As I began this class on theories related to Instructional Design, I’d read a new theory and think “that’s the theory that best applies to my learning style.” But as I spent more time studying different learning theories, I realized that there is no one theory that describes my style. I learn using a variety of methods, technologies, social networks, etc. My style adapts to the learning situation and the resources and technologies available.
I’ve always assumed that my learning is most effective when giving an opportunity to self-direct the process, to have as much control over learning as possible. It’s one of the reasons I’ve always embraced computer-based classes. I thought it was essential to have the ability to navigate at my own speed and pace through materials, deciding what was important and what I already knew.

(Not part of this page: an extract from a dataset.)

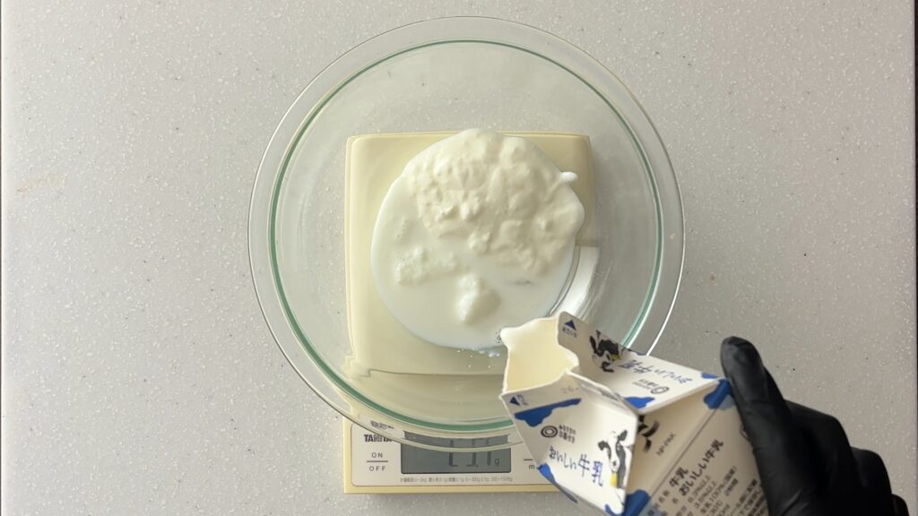 耐熱ボウルに「はちみつ、マヨネーズ、ヨーグルト、牛乳」を入れ、電子レンジで加熱して38~40℃程度に温める(目安は500W20秒)。

I underestimated the importance that social interactions have on the learning process. I realize that effective training has to provide an opportunity to discuss and learn from peers, to discover new information, and to learn to search for information in different ways. My former idea of the perfect computer based training simulation didn’t offer any of those options. It was a higher tech version of the behaviorist model for learning.
My learning network has changed dramatically, as has my expectations for creating useful training materials. I’m much more cognizant of the importance of social groups for learners and instructors. I believe it’s critical to build in exploration of a topic for a learner. My assumption of what a learner needs is not always definitive.

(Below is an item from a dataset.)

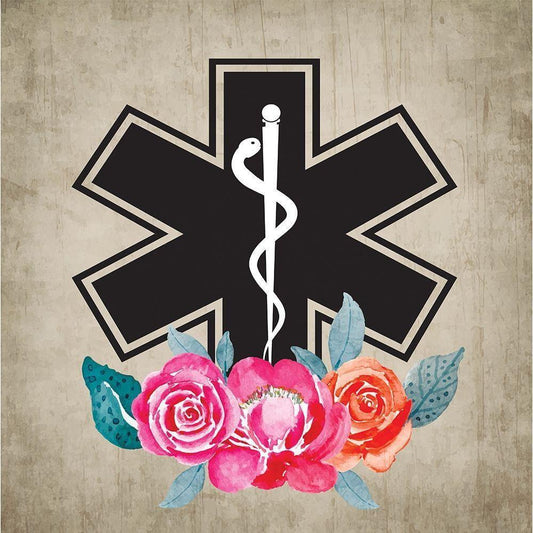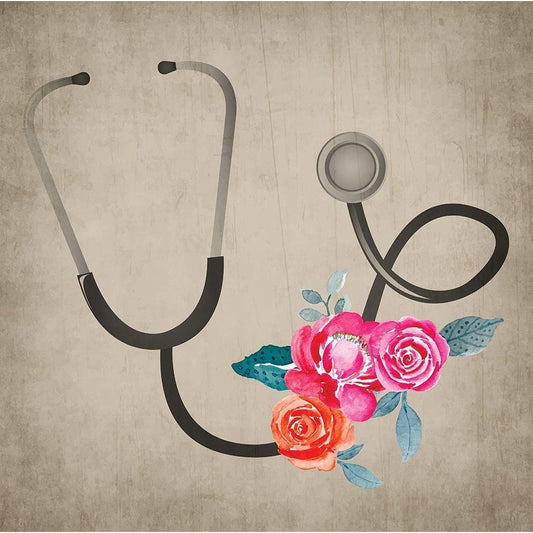Stethoscope Flowers Black Modern Wood Framed Art Print by ND Art

I’m excited by the role that technology plays in my learning and in the future application for my instructional design. My network of information has expanded to include discussion groups, peer conversations via Skype, searches of educational databases and libraries, combined with the software tools to create more effective training – learning management systems, blogging, etc. I’m excited about changes that are on the horizon for technology and especially excited about how these changes will affect my future work.
In the not too distant future, I can imagine offering training classes that incorporate tablet computing for remote users. I can picture courses that include game based learning, and better/smarter personalized web searches.
This course illustrated how little I actually knew about learning styles – my own and others. It’s been an eye-opening experience that will help me with my work towards my Master’s degree and, I hope, ultimately make me a better instructional designer.